Sorry, I know I'm doing a lot more asking than contributing, but I'm new at this, and I hope by next season, I'll know enough to be contributing to other peoples' questions.


----------



## goneferal (Sep 8, 2010)

What effect are you looking for? You mean in your house?


----------



## RoxyBlue (Oct 6, 2008)

It would also help if you can give us an idea of what the decor in the room will be


----------



## STS95 (Aug 16, 2011)

goneferal said:


> What effect are you looking for? You mean in your house?

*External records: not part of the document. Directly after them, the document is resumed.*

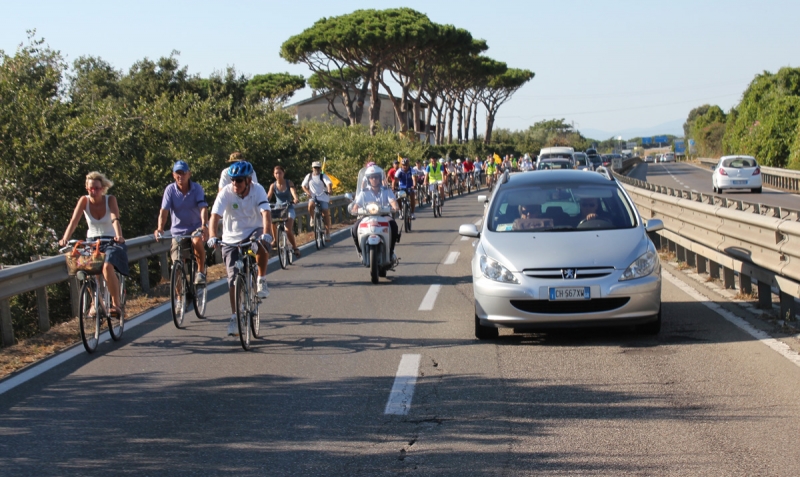 “La mobilità sostenibile e più in particolare la bicicletta – afferma Angelo Gentili, della segreteria nazionale di Legambiente – non sono più da considerarsi argomenti secondari. Basti pensare che sono sempre di più le persone che usano la bici per andare a lavoro, a scuola o per spostamenti quotidiani. In Italia dobbiamo fare i conti con 730 pedoni morti all'anno, il 35% sulle strisce, mentre in Maremma proprio quest'estate sono stati uccisi due pedoni nell'arco di tre giorni. E proprio per questo abbiamo messo una bici bianca in ricordo delle vittime, che sarà anche un monito per gli automobilisti che passeranno di là. Anche la sbiciclettata fatta da Grosseto a Rispescia, passando per la prima volta con oltre 50 bici sull'Aurelia, è stato un segnale forte per chiedere maggiore attenzione, rispetto e maggiore sicurezza per i ciclisti. Vogliamo trasformare Grosseto e la Maremma in un laboratorio nazionale per la ciclabilità, e per questo chiediamo siano realizzate più zone 30, Ztl e piste ciclabili”.
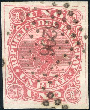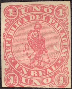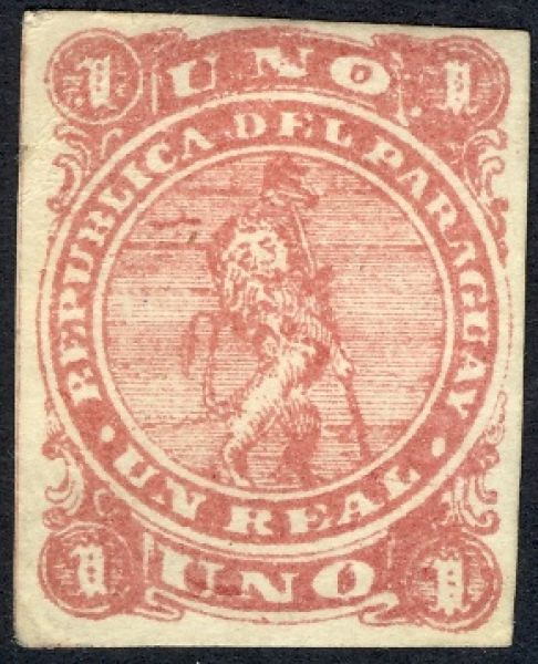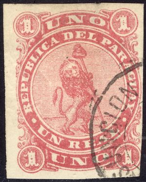 Paraguay Genuine« Back1870, Paraguay, Scott #1, Genuine![]() (1.) Counting on the left side from under "DEL" to the thick, slightly sloping line representing the horizon, just above the "U" of UN there are 58 thin even horizontal lines of shading in the background. (2.) These lines are drawn right through the pole the lion is holding. (3.) The liberty cap does not touch the circle above it. (4.) There is a patch of white, devoid of shading, on the lion's thigh. (5.) The upper serifs at the numerals "1" in the corners end with a sort of a knob. (6.) There are 3 dots in each of the numerals "1" of the denomination. (7.) Exp:do. Ref: Earee. |
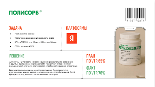 Другой кейс из практики First Data — продвижение сорбента «Полисорб».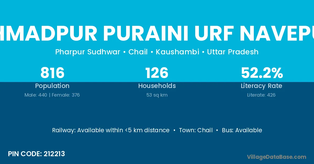 Ahmadpur Puraini Urf Navepur village has a total population of 816 people, of which 440 are males and 376 are females.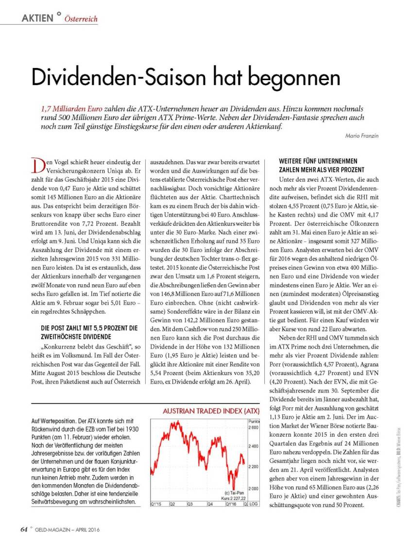Geld - Das Magazin für Wirtschaft, Politik & Investmentprodukte, Ausgabe 04/2016

Yeah its in my house, and I want to get the effect of an old mansion. So anyway to make the walls look older, cracked, molded etc. I have used the holes in the wall tutorial from someone else on here in the prop how-too section, but I would like something more.


----------



## HauntedHorror (Aug 7, 2011)

Here are a few interesting tutorials I found that make it look like the wall is damaged:

http://hauntforum.com/showthread.php?t=10217&highlight=plaster

This one has a lot of things in the video to make an old "haunted" looking house:
http://www.hgtv.com/video/halloween-block-party2-video/index.html

Another option is to take drop cloth or sheets and paint them to look like old peeling wallpaper, then stick them over the drywall.


----------



## Pavitti (Aug 25, 2011)

You could also try stone wall vacuform panels, by Rose Brand, they come in 3ft by 6ft sheets, just stick them on and paint. Even if you did one wall, and the others with painted worn fabric. Add a fake flame tiki torch on the stone wall, and it's like your in a castle.


----------



## trishaanne (Aug 20, 2005)

Scene Setters would be my choice for changing the look without ruining the walls. They come in the grey, block wall, the peeling wallpaper walls, etc.


----------



## Bone Dancer (Oct 7, 2005)

I have used Scene Setters for the last five years. It comes in 4ft by 25 ft rolls for about $20. I use push pins (painted flat black) to put it up with. If you are a little careful you can reuse it like I do.


----------



## fontgeek (Jul 24, 2006)

I would look at using a damask wall paper stencil and applying paint to make it look like the walls had old, curling wall paper that's peeling/hanging off the wall, you can use a sponge to apply black, moldy looking paint and "Wet" spots where the paper is peeling away. You can apply the damask design to the bulk of the wall, and apply it to some stretches of paper that are partially glued down to the wall, but with some sections ragged and hanging/peeling away. Do the damask in a subtle color so that it doesn't dominate the room but gives enough of the Victorian texture to sell the idea or feel. Having the period furniture or the remnants of it will help a lot too.


----------